■ Exercise description ■
Copy, exactly as written, the lines that begin at the one containing "Simple meat dishes" and end at the one containing "為直觀反映企業(yè)ESG". Skip any pictures in the data below.

[Records from a data source]
* * * * *
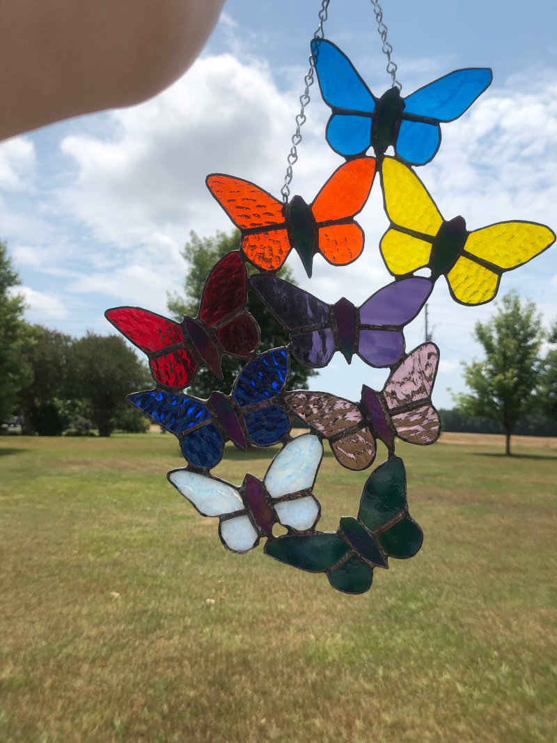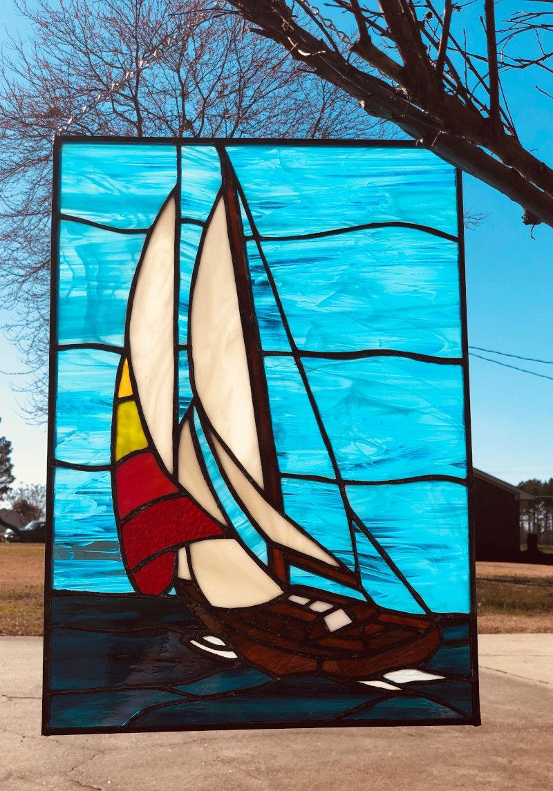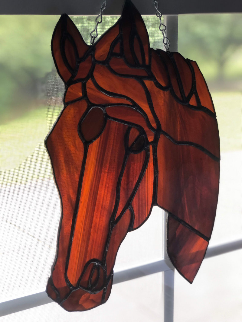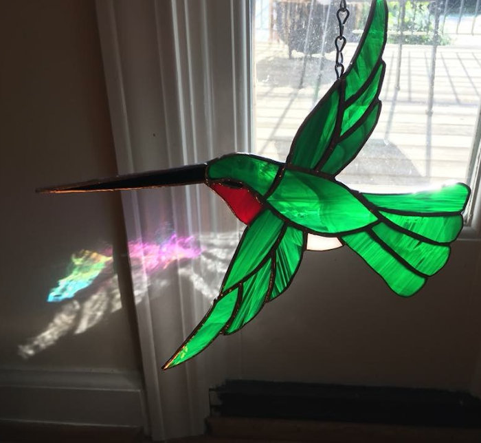 Each design is a unique piece. No two pieces are exactly the same. I take each idea and create a template, pick out and shape each piece of glass, foil them and solder. The special ingredient to each piece is the love that I put into them. Check out my portfolio.
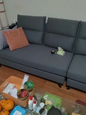 沙发已经坐了一段时间 各方面都很满意 颜色简单大方 坐上去软硬适用 美没有味道 孩子整天在上边滚来滚去 做工挺很仔细 没有任何瑕疵 包装很严实 客服也很有耐心 推荐购买哦
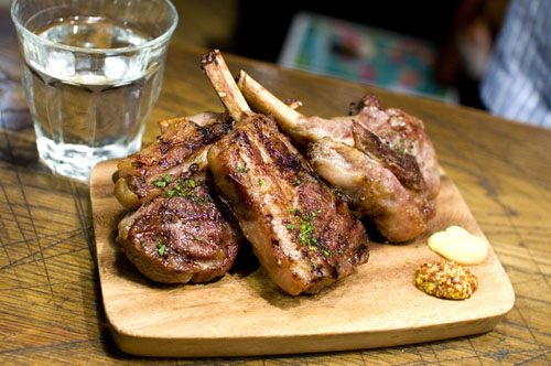 Simple meat dishes are the other strong point here, starting with a plate of six different hams and salamis. The grilled-meat platter makes a nice followup, and with ample portions of grilled beef, pork and chicken it's big enough to share among three or four people. Grilled Australian lamb chops are another highlight.
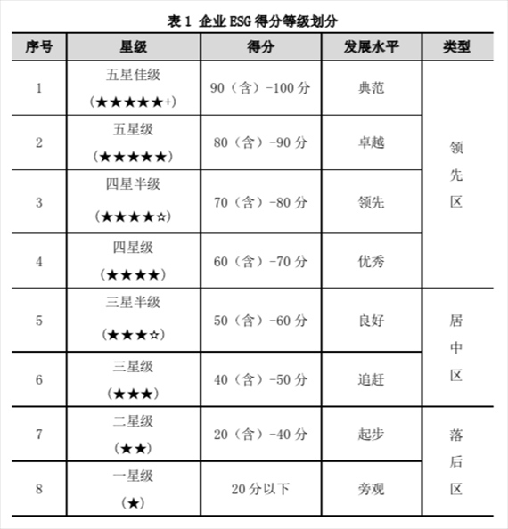 為直觀反映企業(yè)ESG水平,將ESG指數(shù)劃分為八個等級,分別為:五星佳級、五星級、四星半級、四星級、三星半級、三星級、二星級和一星級,各類企業(yè)對應的星級水平和ESG發(fā)展水平見表1。
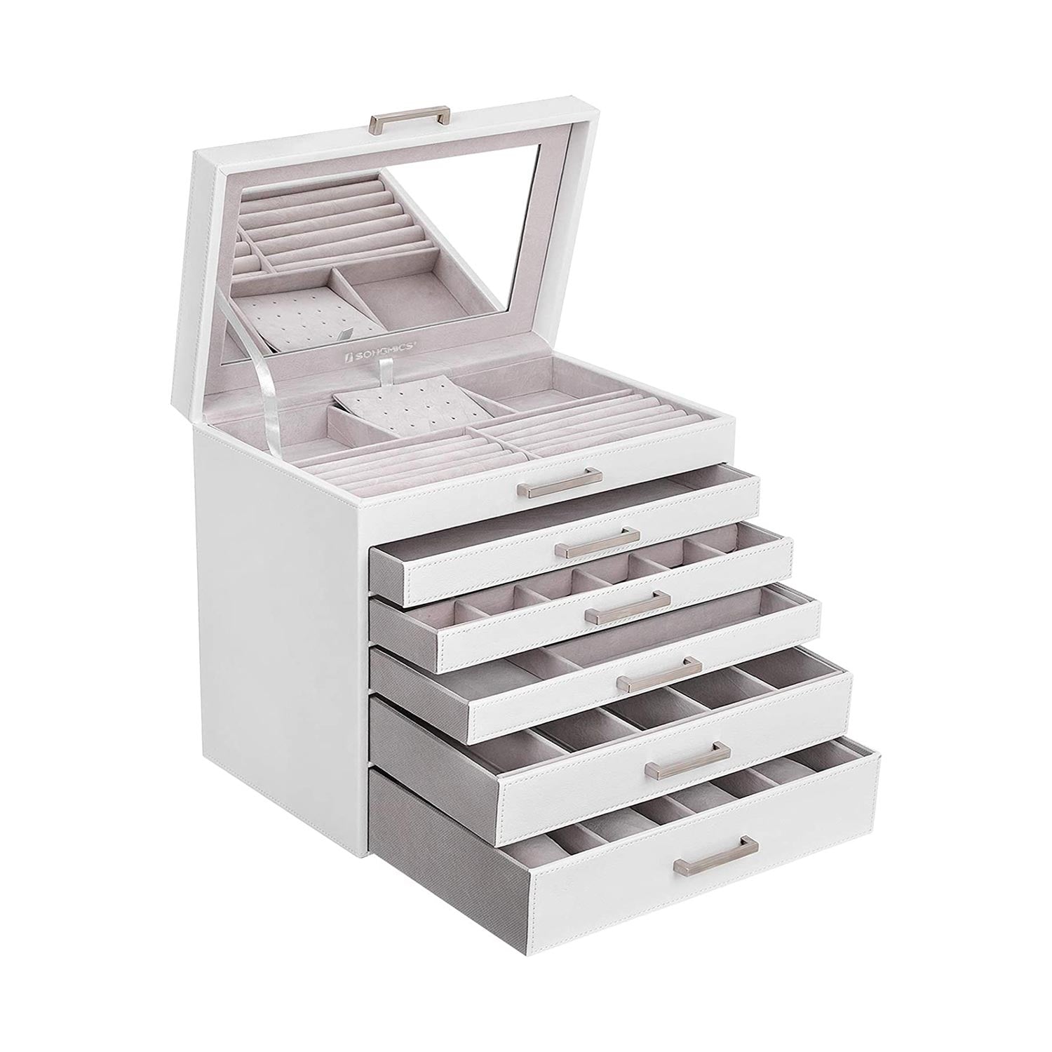 Vi har fundet Theresa Smykkeskrin fra Songmics hos raw58 i kategorien . Opbevar dine skatte sikkert – Opbevar dine dyrebare smykker sikkert i denne boks med 6 etager. Hver skuffe har en stopper, der forhindrer dem i at glide ud, så du kan være tryg ved det. MDF-rammen og fløjlsforet giver også polstring og beskyttelse, så din
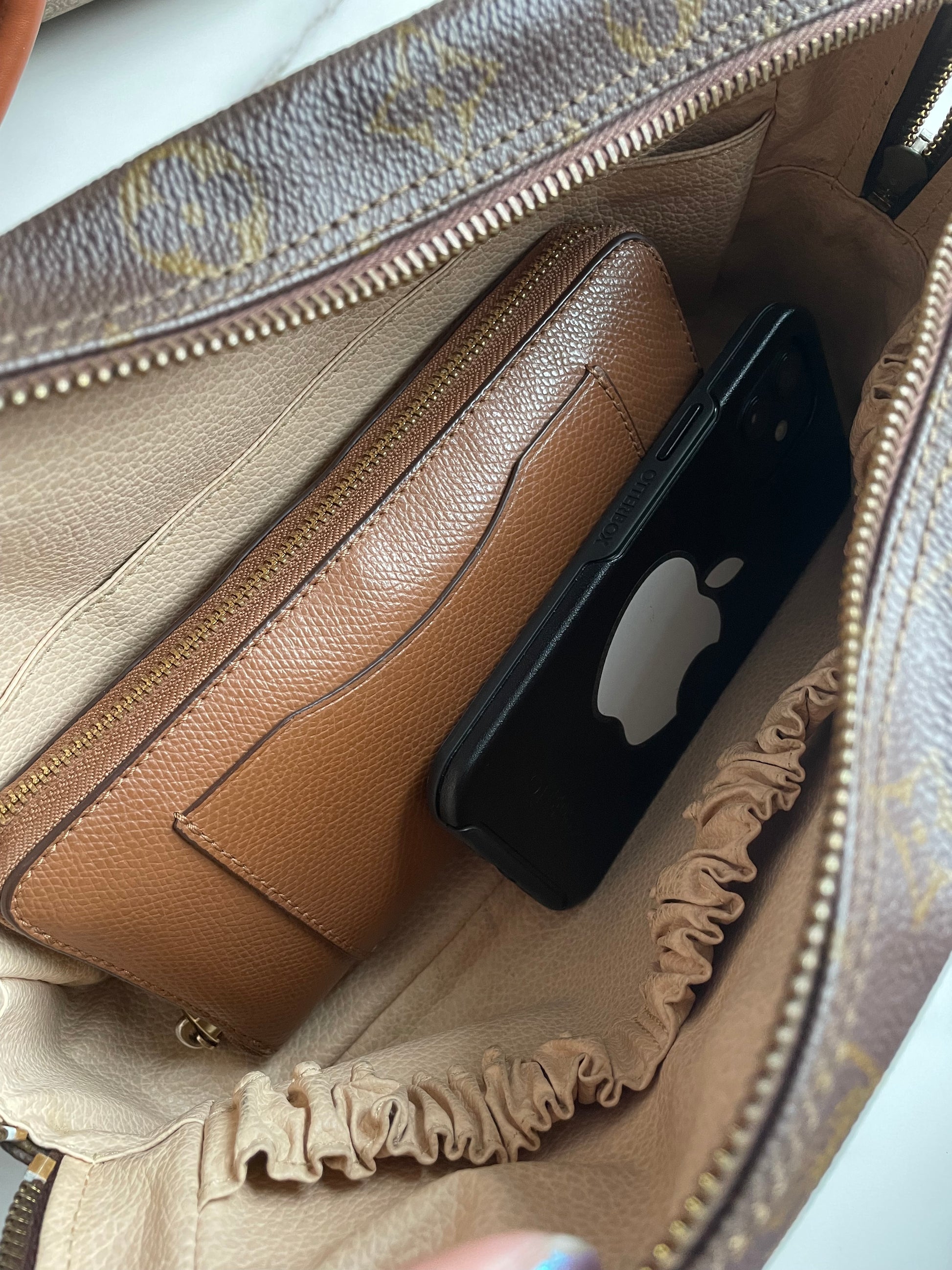 Large spacious interior will easily accommodate a long wallet, phone and so much more.
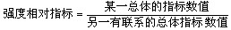 (3)强度相对指标:是两个性质不同而又有一定联系的指标对比的结果,可以表明事物现象的强度、密度、普遍程度等。
* * * * *
■ Solved problem ■
 Simple meat dishes are the other strong point here, starting with a plate of six different hams and salamis. The grilled-meat platter makes a nice followup, and with ample portions of grilled beef, pork and chicken it's big enough to share among three or four people. Grilled Australian lamb chops are another highlight.
 為直觀反映企業(yè)ESG水平,將ESG指數(shù)劃分為八個等級,分別為:五星佳級、五星級、四星半級、四星級、三星半級、三星級、二星級和一星級,各類企業(yè)對應的星級水平和ESG發(fā)展水平見表1。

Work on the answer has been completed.